*** PROVIDED DATA Section Begins ***
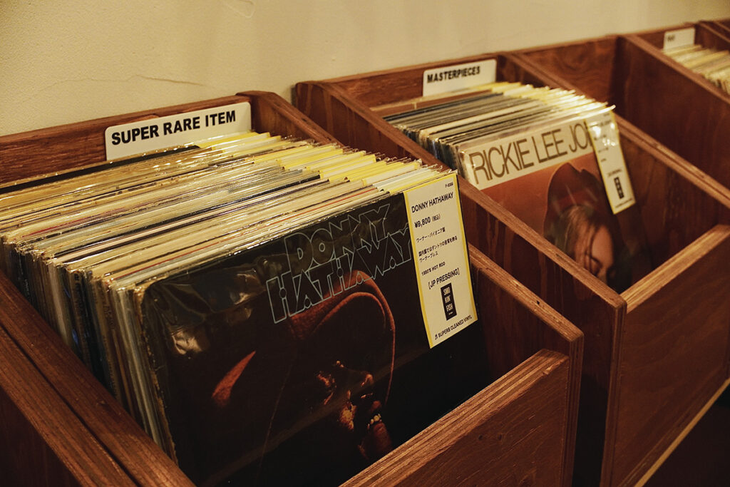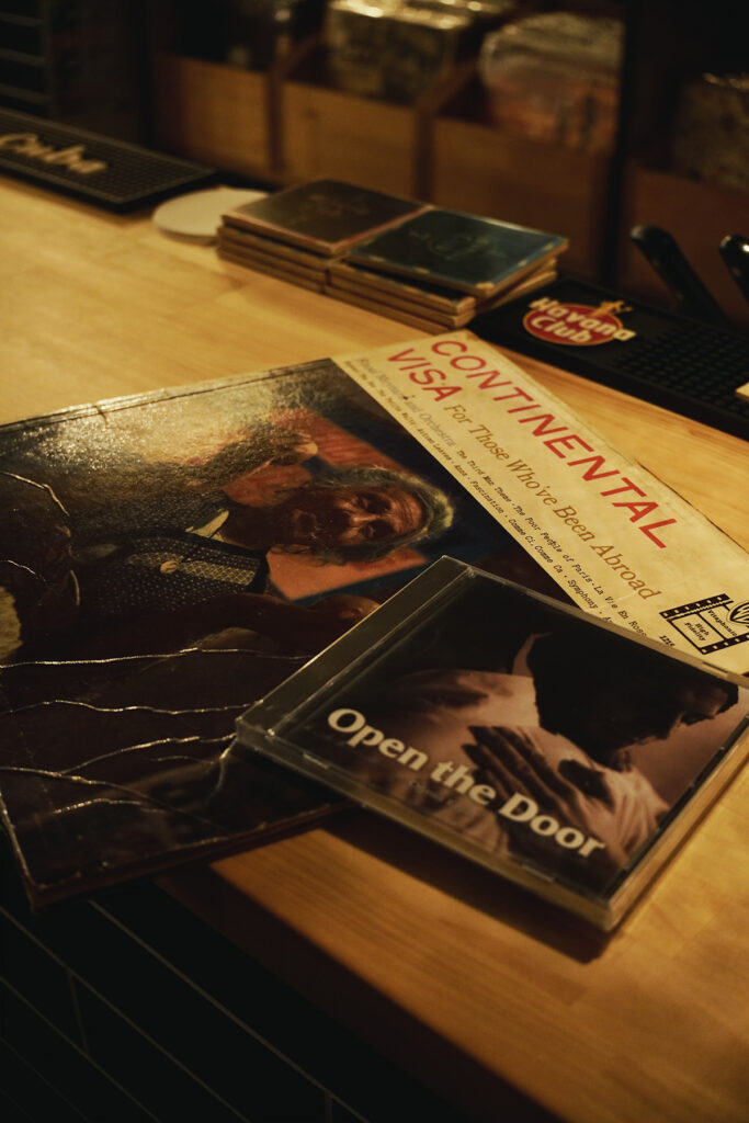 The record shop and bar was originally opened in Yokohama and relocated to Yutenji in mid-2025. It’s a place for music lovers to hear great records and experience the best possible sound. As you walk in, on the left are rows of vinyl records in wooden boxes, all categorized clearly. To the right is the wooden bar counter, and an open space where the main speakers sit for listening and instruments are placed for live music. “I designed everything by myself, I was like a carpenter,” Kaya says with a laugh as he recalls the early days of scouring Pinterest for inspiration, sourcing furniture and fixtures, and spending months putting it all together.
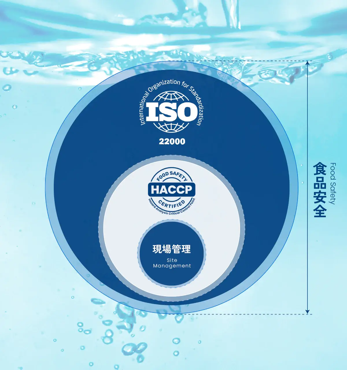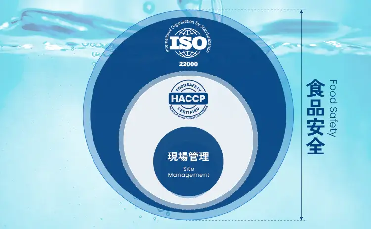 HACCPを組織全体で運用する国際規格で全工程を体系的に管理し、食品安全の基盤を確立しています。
*** PROVIDED DATA Section Ends ***
*** PROVIDED DATA Section Begins ***
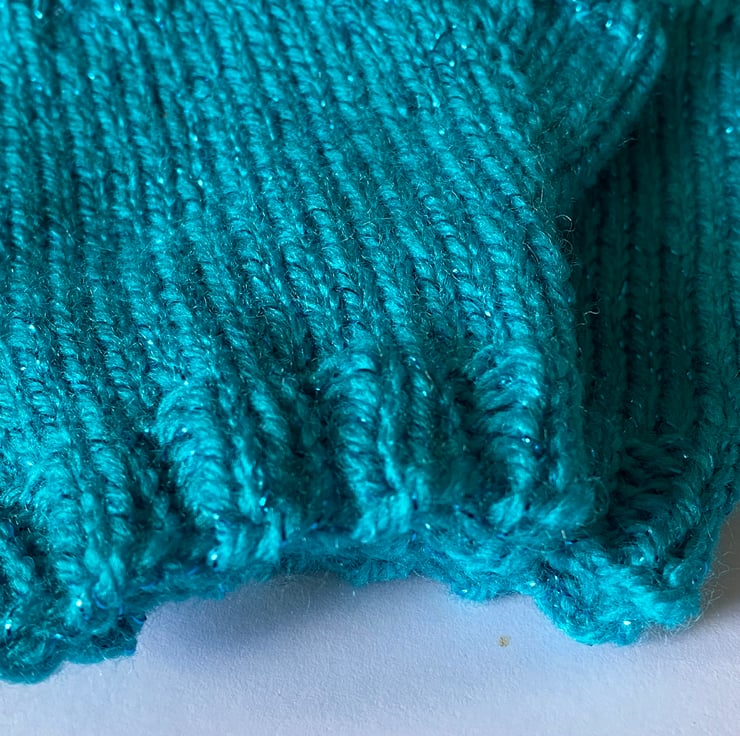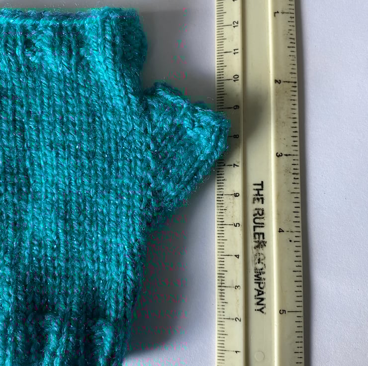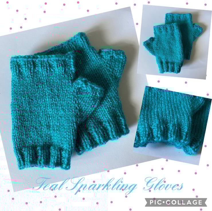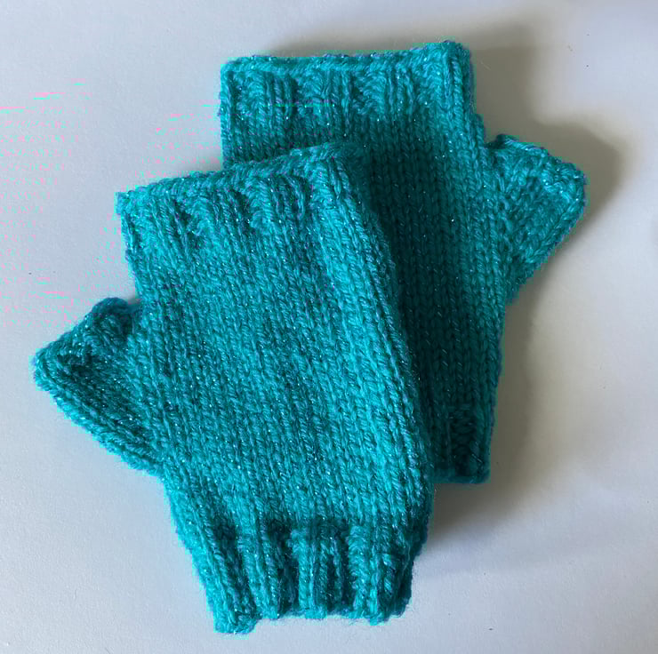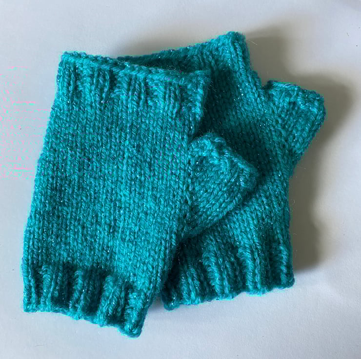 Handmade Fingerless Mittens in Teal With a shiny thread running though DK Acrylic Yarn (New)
*** PROVIDED DATA Section Ends ***
• _WHAT YOU NEED TO DO_
While skipping the pictures, transcribe the data above from the line showing "The record shop" through the line showing "HACCPを組織全体で運用す", exactly and with both ends.

• _RESULT FOR THIS EXERCISE_
 The record shop and bar was originally opened in Yokohama and relocated to Yutenji in mid-2025. It’s a place for music lovers to hear great records and experience the best possible sound. As you walk in, on the left are rows of vinyl records in wooden boxes, all categorized clearly. To the right is the wooden bar counter, and an open space where the main speakers sit for listening and instruments are placed for live music. “I designed everything by myself, I was like a carpenter,” Kaya says with a laugh as he recalls the early days of scouring Pinterest for inspiration, sourcing furniture and fixtures, and spending months putting it all together.
 HACCPを組織全体で運用する国際規格で全工程を体系的に管理し、食品安全の基盤を確立しています。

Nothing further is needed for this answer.